___ Record set
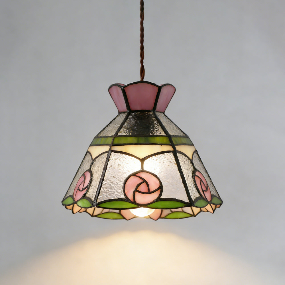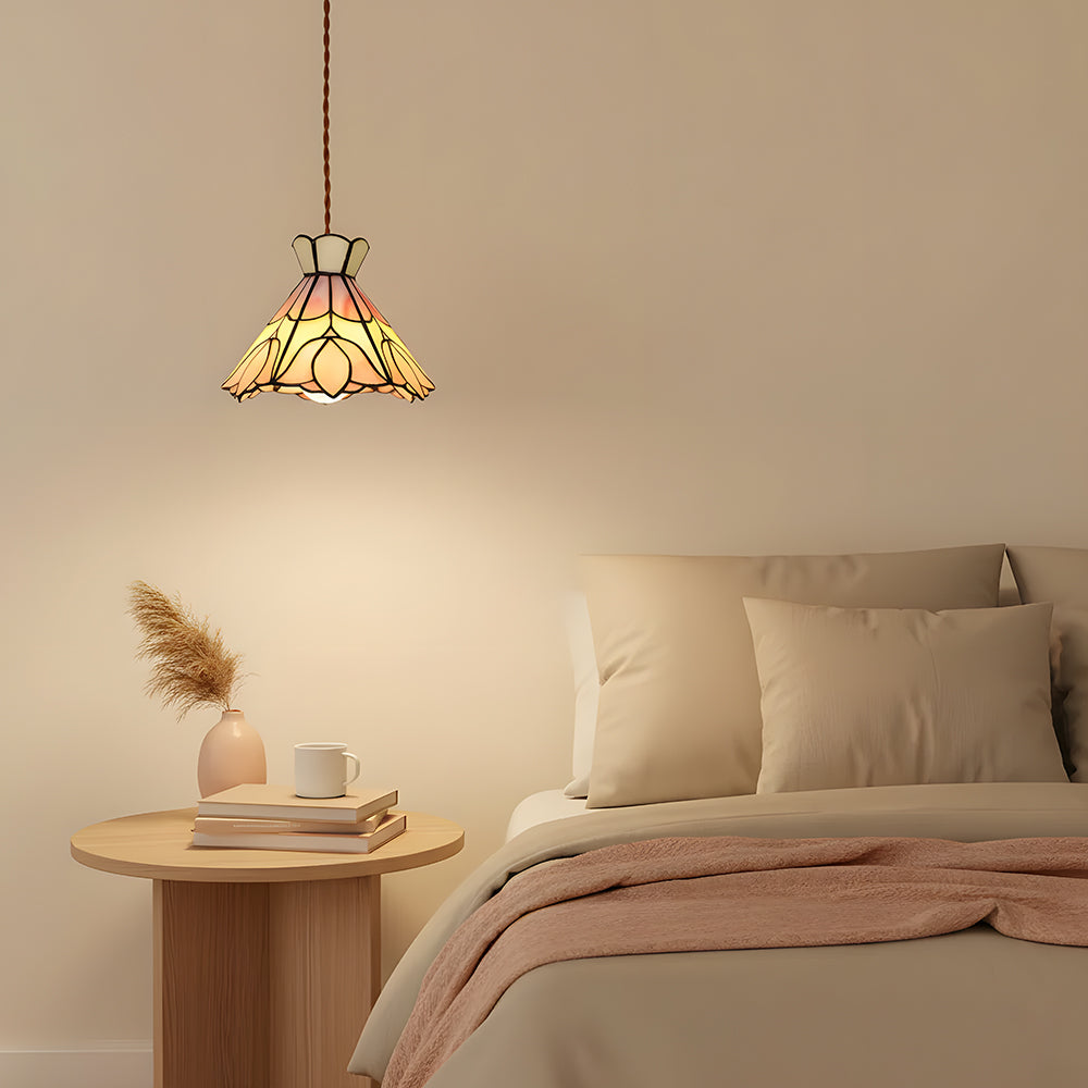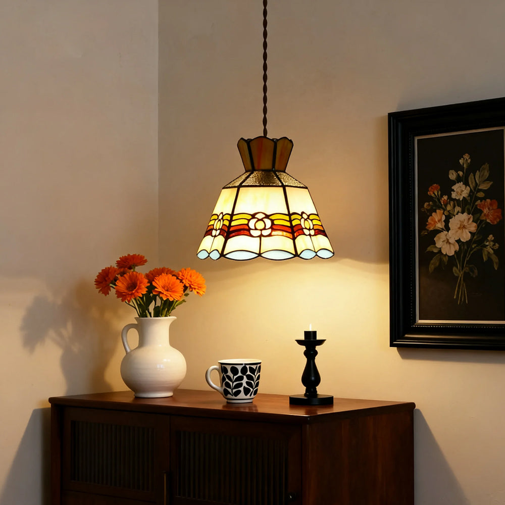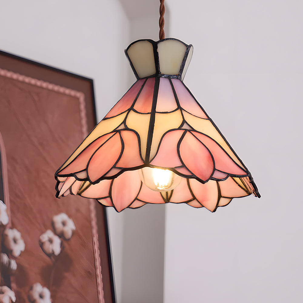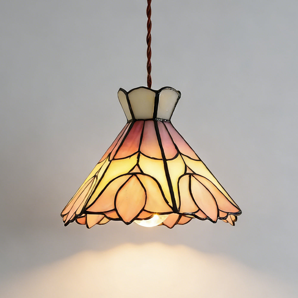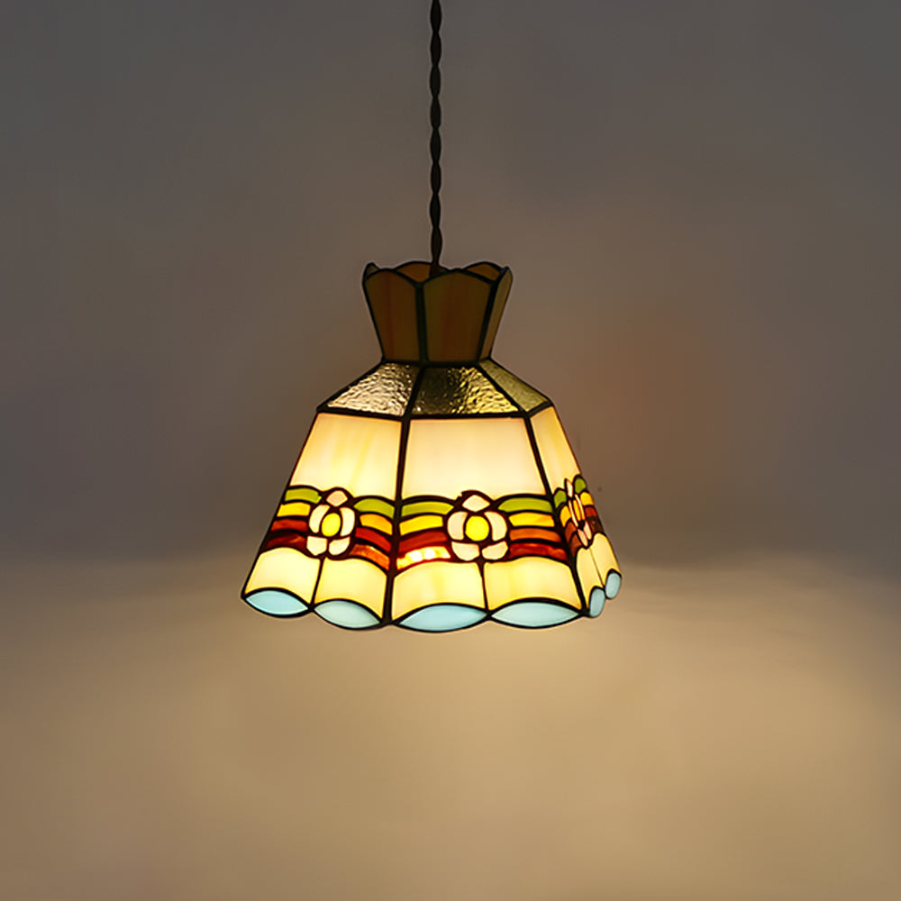 French Retro Handmade Tiffany Stained Glass Pendant Light
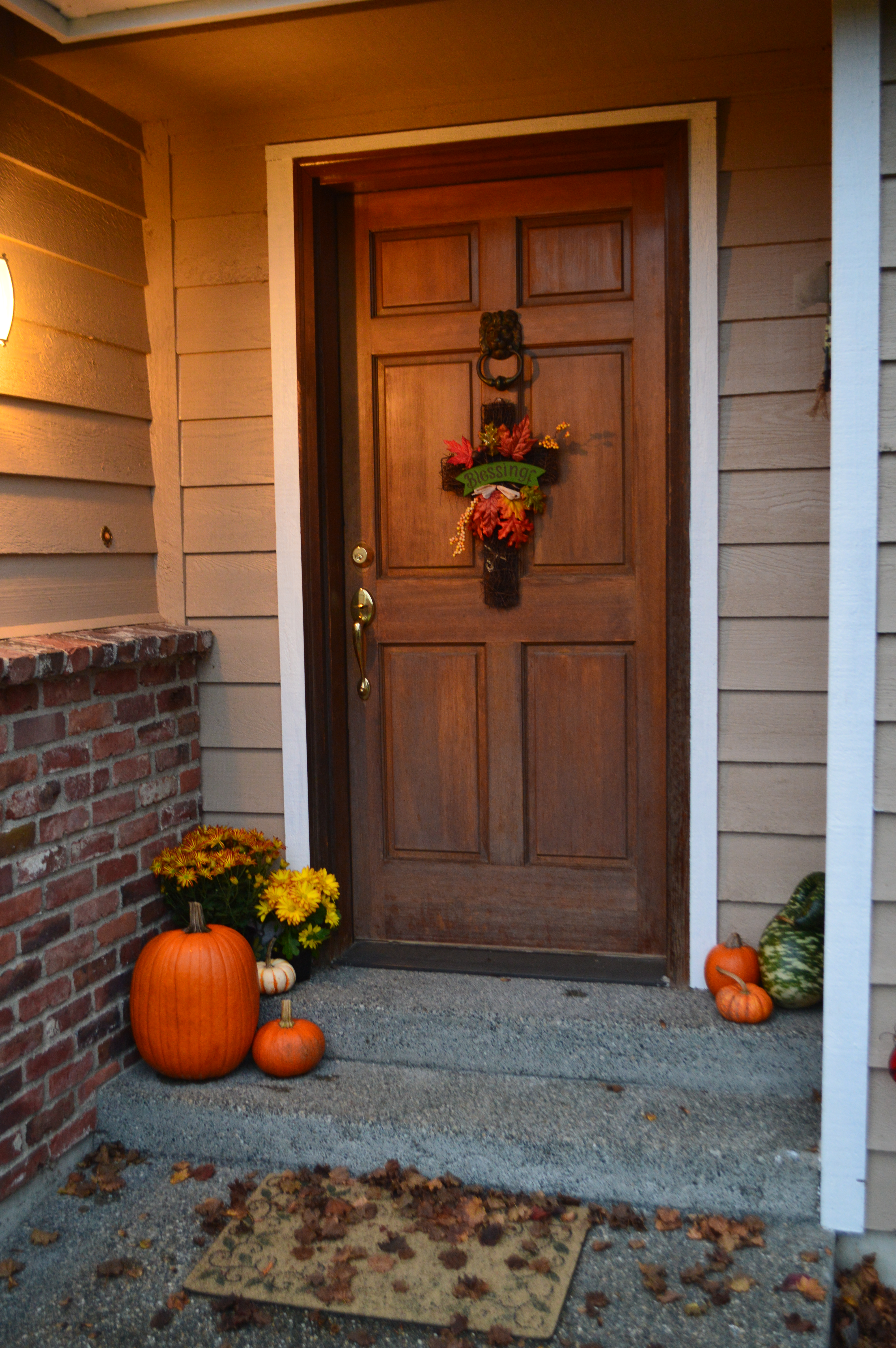 At home, the pumpkins and gourds were placed on the
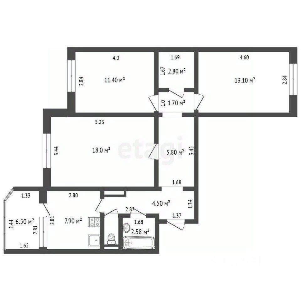 68,8 м²
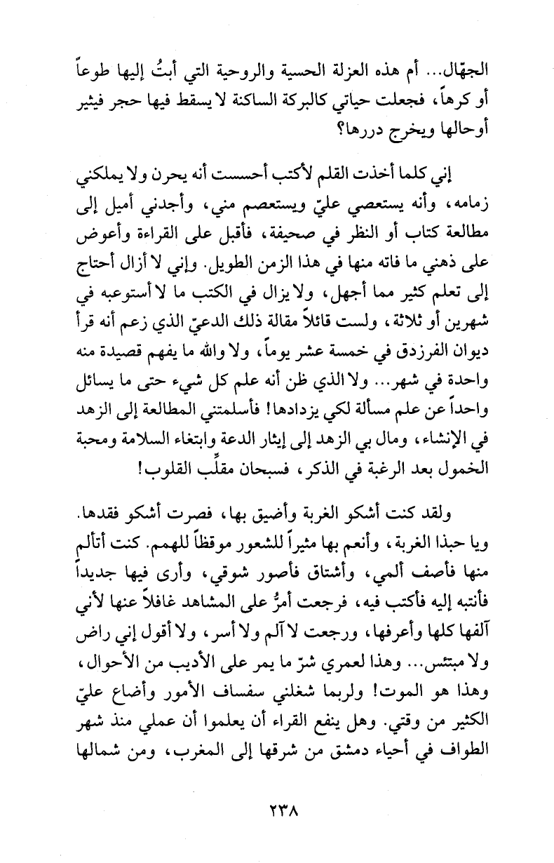 إني كلما أخذت القلم لأكتب أحسست أنه يحرن ولا يملكني زمامه، وأنه يستعصي عليّ ويستعصم مني، وأجدني أميل إلى مطالعة كتاب أو النظر في صحيفة، فأقبل على القراءة وأعوض على ذهني ما فاته منها في هذا الزمن الطويل. وإني لا أزال أحتاج إلى تعلم كثير مما أجهل، ولا يزال في الكتب ما لا أستوعبه في شهرين أو ثلاثة، ولست قائلاً مقالة ذلك الدعيّ الذي زعم أنه قرأ ديوان الفرزدق في خمسة عشر يوماً، ولا والله ما يفهم قصيدة منه واحدة في شهر ... ولا الذي ظن أنه علم كل شيء حتى ما يسائل واحداً عن علم مسألة لكي يزدادها! فأسلمتني المطالعة إلى الزهد في الإنشاء، ومال بي الزهد إلى إيثار الدعة وابتغاء السلامة ومحبة الخمول بعد الرغبة في الذكر، فسبحان مقلِّب القلوب!
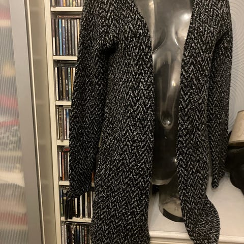 Vaaleanruskea palmikkoneuleponcho, merkki Marie Philippe, koko S/M mutta menee monen kokoiselle, sivuilla napit käden alla
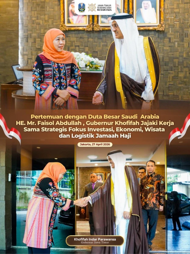 “Pertemuan ini menjadi kesempatan strategis untuk membangun kerja sama di bidang ekonomi dan pariwisata, terutama membuka ruang investasi dari pelaku usaha Arab Saudi ke Indonesia, khususnya Jawa Timur,” ujarnya.
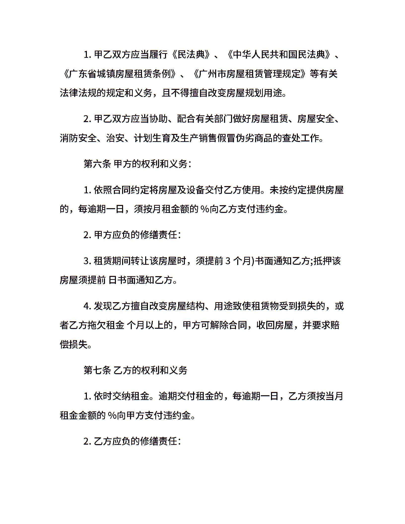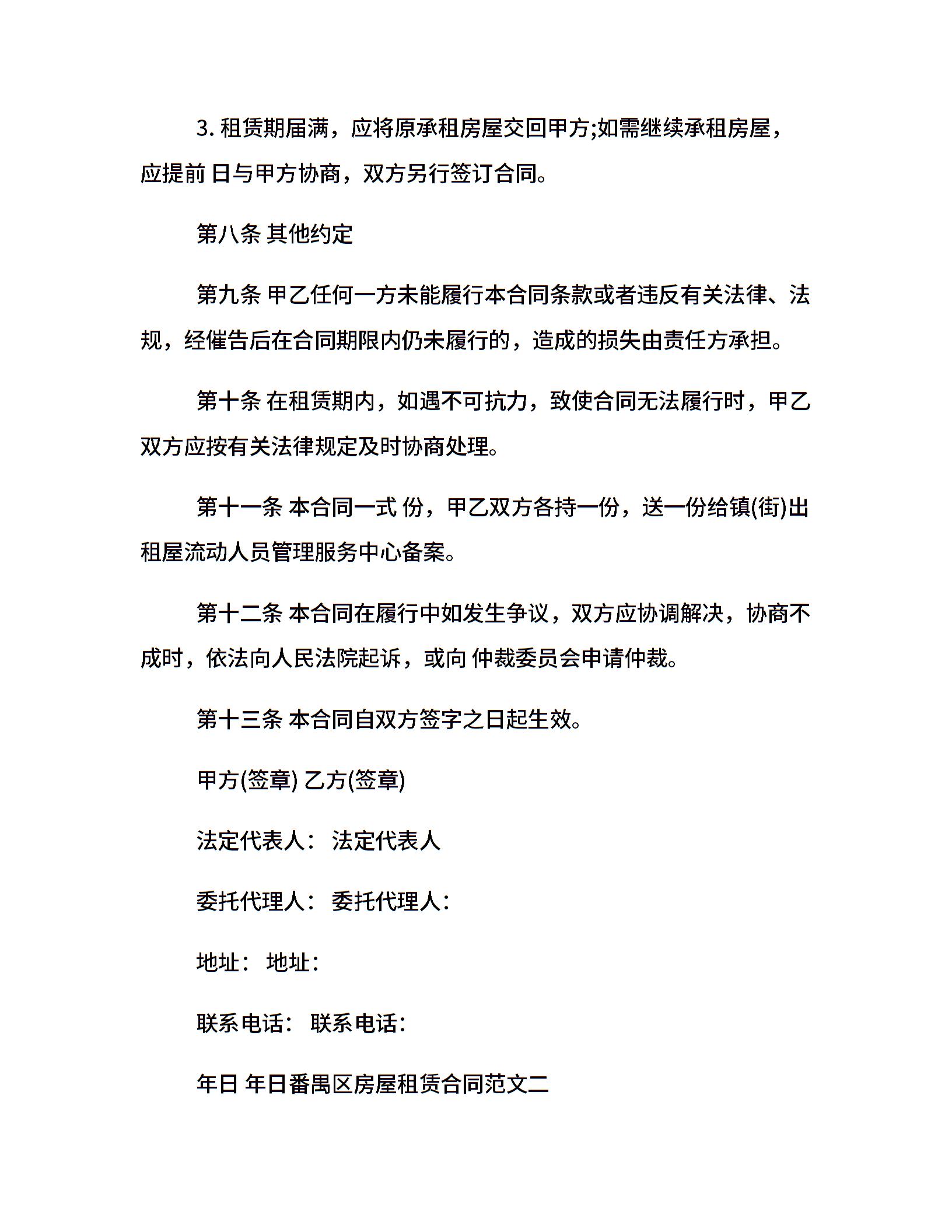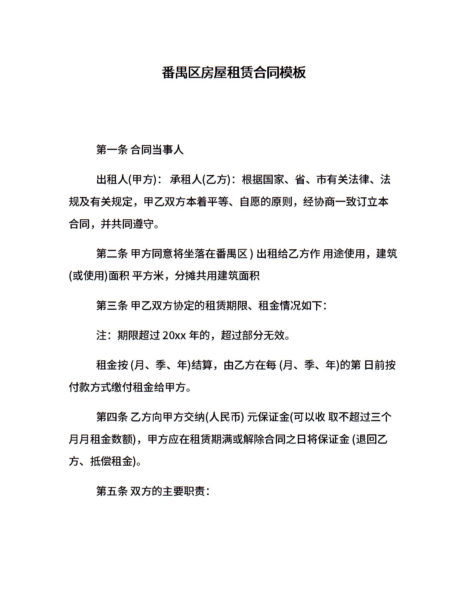 番禺区房屋租赁合同模板
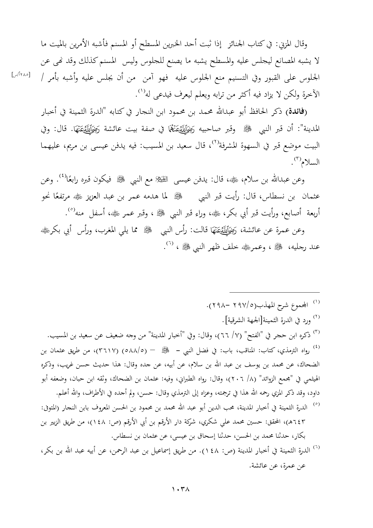 (فائدة) ذكر الحافظ أبو عبدالله محمد بن محمود ابن النجار في كتابه "الدرة الثمينة في أخبار المدينة": أن قبر النبي - صلى الله عليه وسلم - وقبر صاحبيه - رضي الله عنهما - في صفة بيت عائشة - رضي الله عنها -. قال: وفي البيت موضع قبر في السهوة المشرفة (¬٢)، قال سعيد بن المسيب: فيه يدفن عيسى بن مريم، عليهما السلام (¬٣).
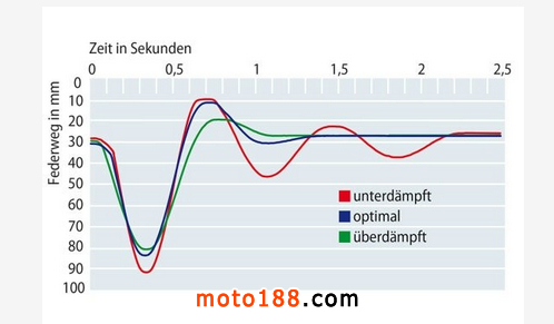 下圖中,縱軸表示彈簧的行程,橫軸表示時(shí)間。藍(lán)線是最佳狀態(tài),紅線表示避震偏軟,恢復(fù)時(shí)間太長,需要加大。綠線表示避震偏硬,需要減小。
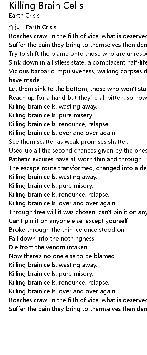 | Killing brain cells, renounce, relapse. | |
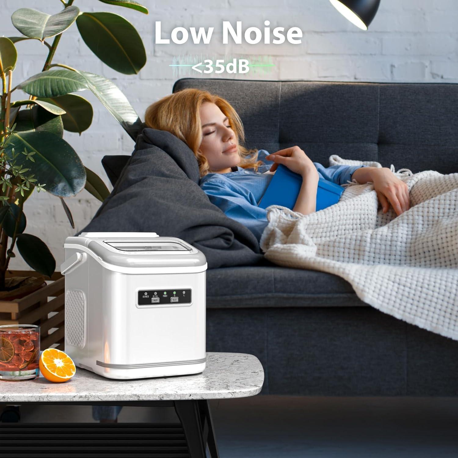 Fast ice making with low noise: 9 ice cubes can be made in 6 minutes at the earliest, a round of ice-making time is about 6-13 minutes. Within 24 hours, 26 pounds of ice can be made. The noise during ice making is lower than 35 dB and it can run quietly
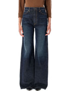 KHAITE DANE WIDE-LEG JEANS BLUE DARK BLUE COTTON POLYURETHANE WIDE-LEG JEANS DENIM CLOTHING WOMEN
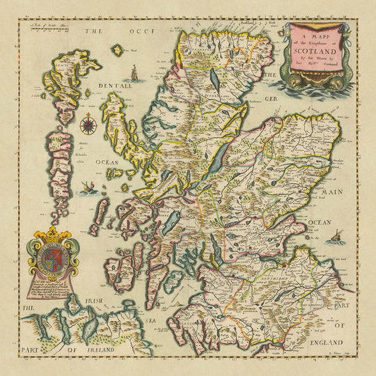 La carte elle-même est une fenêtre fascinante sur le paysage politique et physique de l'Écosse du XVIIe siècle. Chaque comté et région historique est clairement délimité, avec des frontières nettement définies pour refléter le patchwork complexe de la gouvernance écossaise. Les Highlands, avec leur relief ombragé, s'élèvent de manière spectaculaire au nord et à l'ouest, tandis que les Lowlands sont gravées de rivières et de vallées fertiles. Les grands plans d'eau tels que la mer du Nord—ici étiquetée comme l'océan allemand—la mer d'Irlande, et les emblématiques estuaires de Forth et Clyde, encadrent le royaume et évoquent l'héritage maritime de l'Écosse. Le Loch Lomond et le Loch Ness, légendaires pour leur beauté naturelle et leur folklore, sont également mis en avant.
______
Could you copy out every record exactly, minus the pictures?

 French Retro Handmade Tiffany Stained Glass Pendant Light
 At home, the pumpkins and gourds were placed on the
 68,8 м²
 إني كلما أخذت القلم لأكتب أحسست أنه يحرن ولا يملكني زمامه، وأنه يستعصي عليّ ويستعصم مني، وأجدني أميل إلى مطالعة كتاب أو النظر في صحيفة، فأقبل على القراءة وأعوض على ذهني ما فاته منها في هذا الزمن الطويل. وإني لا أزال أحتاج إلى تعلم كثير مما أجهل، ولا يزال في الكتب ما لا أستوعبه في شهرين أو ثلاثة، ولست قائلاً مقالة ذلك الدعيّ الذي زعم أنه قرأ ديوان الفرزدق في خمسة عشر يوماً، ولا والله ما يفهم قصيدة منه واحدة في شهر ... ولا الذي ظن أنه علم كل شيء حتى ما يسائل واحداً عن علم مسألة لكي يزدادها! فأسلمتني المطالعة إلى الزهد في الإنشاء، ومال بي الزهد إلى إيثار الدعة وابتغاء السلامة ومحبة الخمول بعد الرغبة في الذكر، فسبحان مقلِّب القلوب!
 Vaaleanruskea palmikkoneuleponcho, merkki Marie Philippe, koko S/M mutta menee monen kokoiselle, sivuilla napit käden alla
 “Pertemuan ini menjadi kesempatan strategis untuk membangun kerja sama di bidang ekonomi dan pariwisata, terutama membuka ruang investasi dari pelaku usaha Arab Saudi ke Indonesia, khususnya Jawa Timur,” ujarnya.
 番禺区房屋租赁合同模板
 (فائدة) ذكر الحافظ أبو عبدالله محمد بن محمود ابن النجار في كتابه "الدرة الثمينة في أخبار المدينة": أن قبر النبي - صلى الله عليه وسلم - وقبر صاحبيه - رضي الله عنهما - في صفة بيت عائشة - رضي الله عنها -. قال: وفي البيت موضع قبر في السهوة المشرفة (¬٢)، قال سعيد بن المسيب: فيه يدفن عيسى بن مريم، عليهما السلام (¬٣).
 下圖中,縱軸表示彈簧的行程,橫軸表示時(shí)間。藍(lán)線是最佳狀態(tài),紅線表示避震偏軟,恢復(fù)時(shí)間太長,需要加大。綠線表示避震偏硬,需要減小。
 | Killing brain cells, renounce, relapse. | |
 Fast ice making with low noise: 9 ice cubes can be made in 6 minutes at the earliest, a round of ice-making time is about 6-13 minutes. Within 24 hours, 26 pounds of ice can be made. The noise during ice making is lower than 35 dB and it can run quietly
 KHAITE DANE WIDE-LEG JEANS BLUE DARK BLUE COTTON POLYURETHANE WIDE-LEG JEANS DENIM CLOTHING WOMEN
 La carte elle-même est une fenêtre fascinante sur le paysage politique et physique de l'Écosse du XVIIe siècle. Chaque comté et région historique est clairement délimité, avec des frontières nettement définies pour refléter le patchwork complexe de la gouvernance écossaise. Les Highlands, avec leur relief ombragé, s'élèvent de manière spectaculaire au nord et à l'ouest, tandis que les Lowlands sont gravées de rivières et de vallées fertiles. Les grands plans d'eau tels que la mer du Nord—ici étiquetée comme l'océan allemand—la mer d'Irlande, et les emblématiques estuaires de Forth et Clyde, encadrent le royaume et évoquent l'héritage maritime de l'Écosse. Le Loch Lomond et le Loch Ness, légendaires pour leur beauté naturelle et leur folklore, sont également mis en avant.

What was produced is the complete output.